The PIA article also omitted crucial context regarding criticism of the BRBDP as a project led at the national level, which is what Marcos Jr. seeks to recreate.

 

Though the PIA report copied specific points of criticism of the study, Illo went on to conclude that area-based inter-local initiatives better responded to localities’ needs than nationally-funded and -coordinated programs such as the BRBDP, despite the local projects’ financial volatility.

“Sustainability of both the [local project alliances] and their endeavors is dependent on whether it serves the common good of its members, ensuring that they continue to pool their resources to achieve their objectives as a group,” Illo wrote.

Marcos Jr., at the Oct. 26 briefing, instructed the Department of Public Works and Highways (DPWH) to revisit the BRBDP. Secretary Manuel Bonoan responded that the agency was already studying plans for it.

The president also reported on Nov. 6 that the DPWH was working with the Department of Environment and Natural Resources and the Department of Interior and Local Government to coordinate solutions for flooding in the Bicol River Basin.

While the PIA article claims long-term benefits from the BRBDP despite minor setbacks in execution, Illo suggests benefits could not be fully ascertained due to a lack in comprehensive documentation.

“The BRBDP seems to have long-lasting benefits at least in the community visited… although in that community and elsewhere, problems persist, some linked to failed projects of BRBDP, while others (like perennial flooding) were due to the nature of a river basin,” the study reads.

BACKSTORY

The BRBDP was initiated under the Marcos Sr. administration as a measure to enhance economic development in an area wrought by flooding and high poverty incidence.

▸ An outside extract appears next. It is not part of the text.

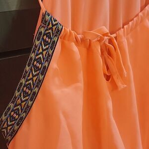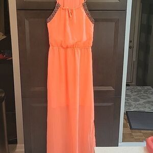 Sleeveless bright coral maxi dress with spaghetti straps and embroidered trim.

It was considered an experiment in geography-based planning.

Despite the focus on physical infrastructure such as roads and waterways, as Illo had written, social assistance programs were eventually integrated into the project.

At the Oct. 26 briefing in Naga City, Marcos Jr. proposed a revival of the BRBDP but focused only on flood control. “Now, we have to focus specifically on flood control. And the others, marami naman tayong mga plano for the rest of it,” the president said.

The original BRBDP was eventually phased out in 1989. Contrary to what Marcos Jr. claimed at the same briefing, its halting was not due to the change in regimes in 1986.

Then president Corazon Aquino issued Executive Order No. 374, which abolished the BRBDP due to the establishment of regional development councils assigned to oversee such projects.